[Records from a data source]
Start of Block
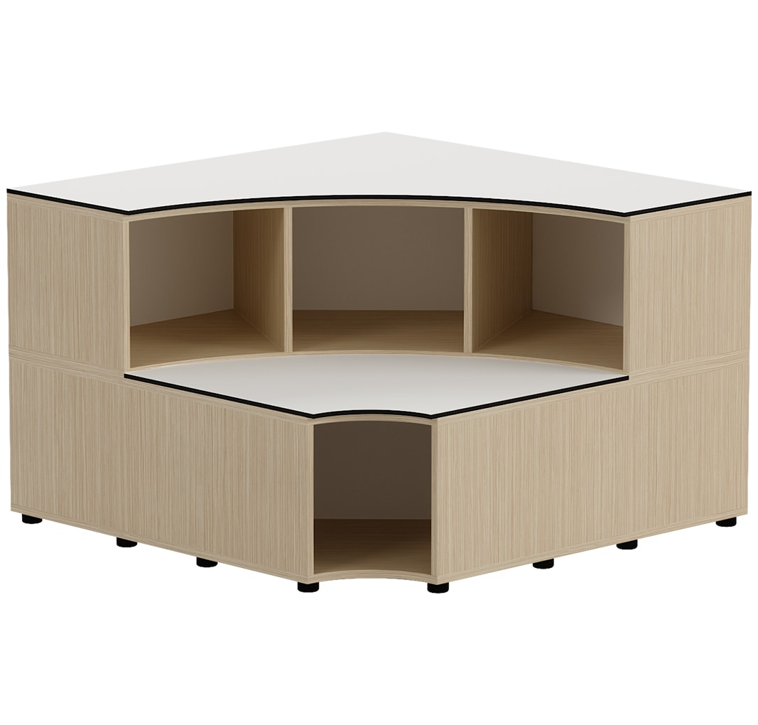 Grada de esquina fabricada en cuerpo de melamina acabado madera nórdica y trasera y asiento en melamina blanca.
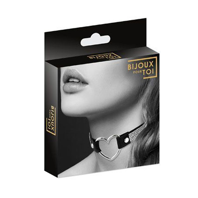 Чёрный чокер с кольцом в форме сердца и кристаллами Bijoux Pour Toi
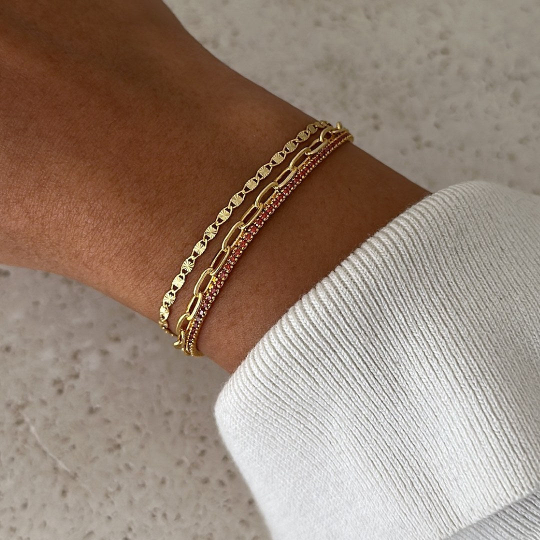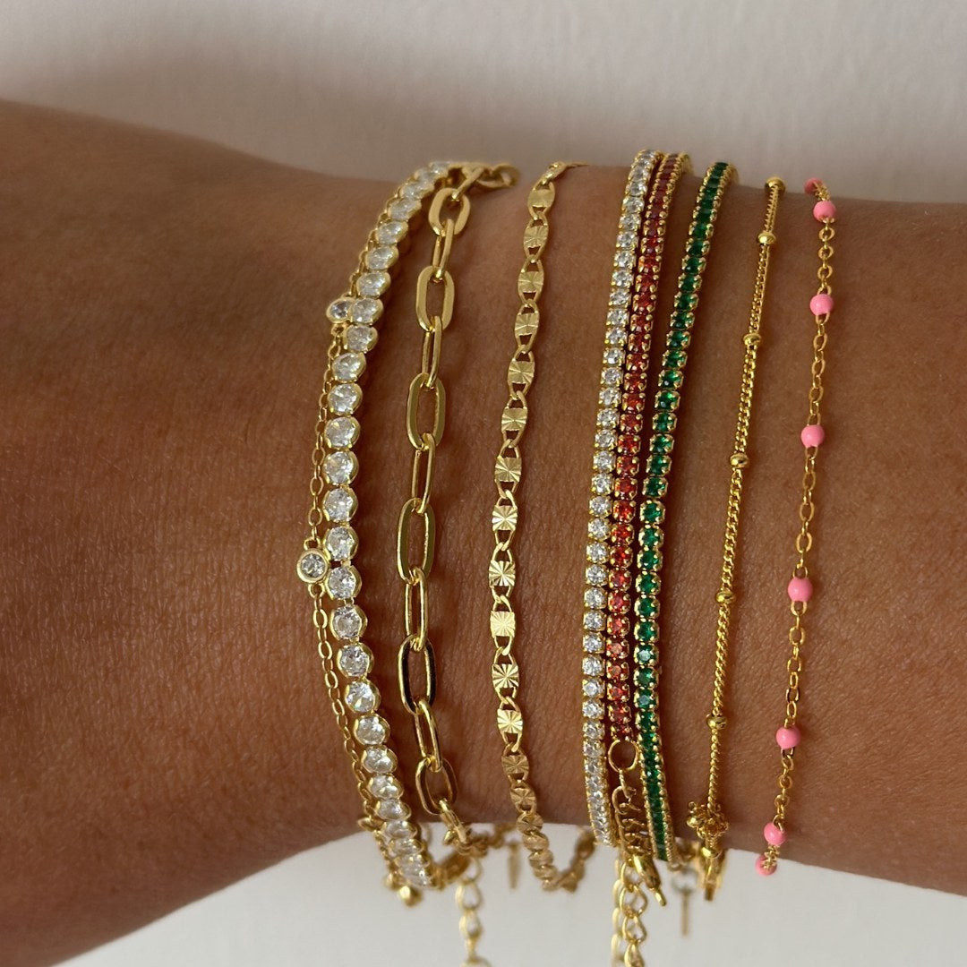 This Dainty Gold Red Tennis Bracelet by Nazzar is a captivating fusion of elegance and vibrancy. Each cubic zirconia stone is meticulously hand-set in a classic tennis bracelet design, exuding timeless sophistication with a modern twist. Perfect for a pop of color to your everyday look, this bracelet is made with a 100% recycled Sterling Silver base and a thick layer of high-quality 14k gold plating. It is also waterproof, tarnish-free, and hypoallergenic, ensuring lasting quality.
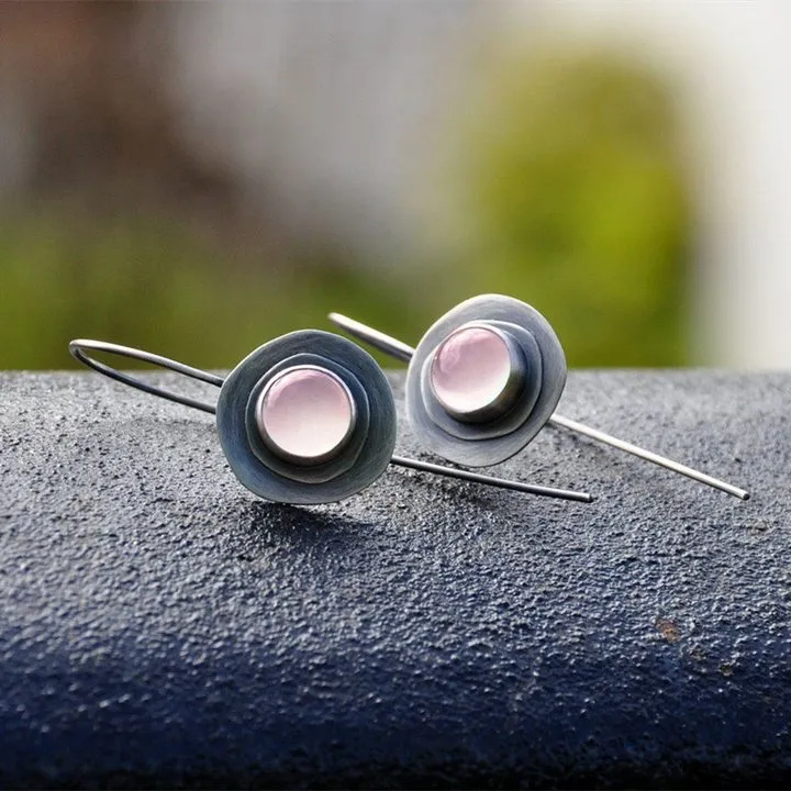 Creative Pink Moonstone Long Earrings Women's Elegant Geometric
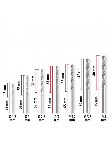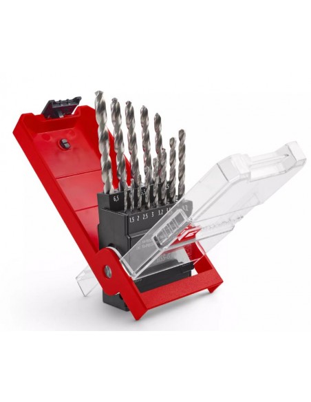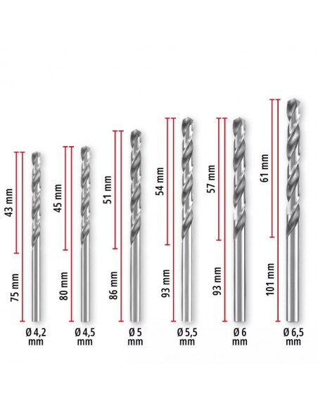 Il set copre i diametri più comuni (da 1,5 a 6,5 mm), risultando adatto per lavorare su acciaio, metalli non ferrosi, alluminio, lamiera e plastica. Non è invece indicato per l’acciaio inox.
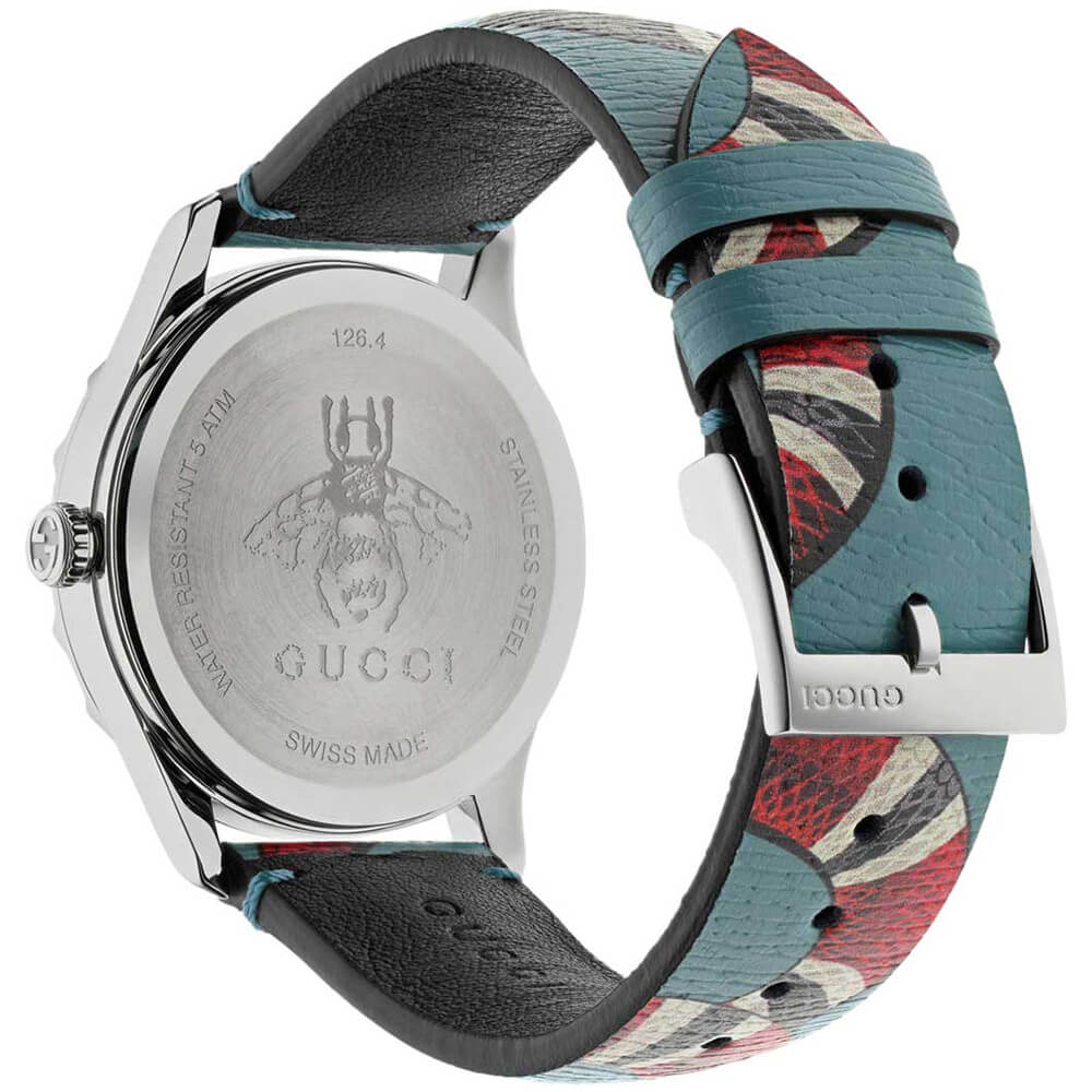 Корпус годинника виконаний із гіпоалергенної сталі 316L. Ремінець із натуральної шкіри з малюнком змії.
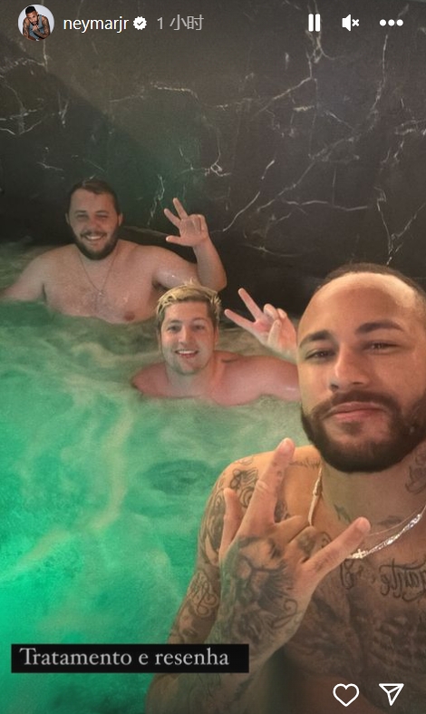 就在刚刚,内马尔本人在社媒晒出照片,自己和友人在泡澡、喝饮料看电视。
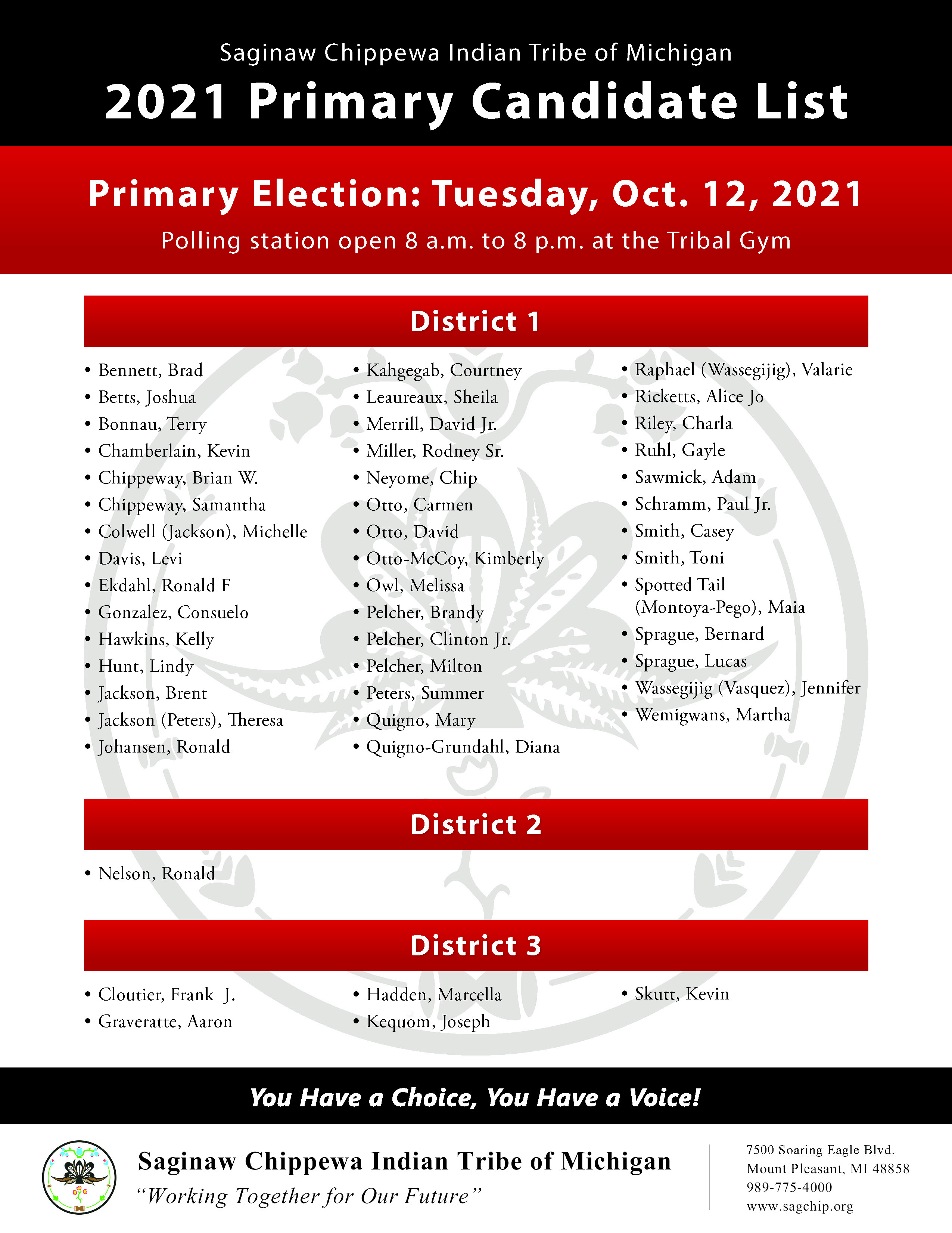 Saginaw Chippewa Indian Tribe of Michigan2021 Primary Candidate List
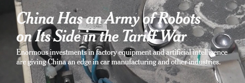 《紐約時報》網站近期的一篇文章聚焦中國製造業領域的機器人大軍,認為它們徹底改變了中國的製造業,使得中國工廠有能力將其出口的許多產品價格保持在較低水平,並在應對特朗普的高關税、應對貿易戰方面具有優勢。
End of Block
→ Exercise details:
Your reply must contain each entry exactly as written and no pictures.

→ Solution to this task:
 Grada de esquina fabricada en cuerpo de melamina acabado madera nórdica y trasera y asiento en melamina blanca.
 Чёрный чокер с кольцом в форме сердца и кристаллами Bijoux Pour Toi
 This Dainty Gold Red Tennis Bracelet by Nazzar is a captivating fusion of elegance and vibrancy. Each cubic zirconia stone is meticulously hand-set in a classic tennis bracelet design, exuding timeless sophistication with a modern twist. Perfect for a pop of color to your everyday look, this bracelet is made with a 100% recycled Sterling Silver base and a thick layer of high-quality 14k gold plating. It is also waterproof, tarnish-free, and hypoallergenic, ensuring lasting quality.
 Creative Pink Moonstone Long Earrings Women's Elegant Geometric
 Il set copre i diametri più comuni (da 1,5 a 6,5 mm), risultando adatto per lavorare su acciaio, metalli non ferrosi, alluminio, lamiera e plastica. Non è invece indicato per l’acciaio inox.
 Корпус годинника виконаний із гіпоалергенної сталі 316L. Ремінець із натуральної шкіри з малюнком змії.
 就在刚刚,内马尔本人在社媒晒出照片,自己和友人在泡澡、喝饮料看电视。
 Saginaw Chippewa Indian Tribe of Michigan2021 Primary Candidate List
 《紐約時報》網站近期的一篇文章聚焦中國製造業領域的機器人大軍,認為它們徹底改變了中國的製造業,使得中國工廠有能力將其出口的許多產品價格保持在較低水平,並在應對特朗普的高關税、應對貿易戰方面具有優勢。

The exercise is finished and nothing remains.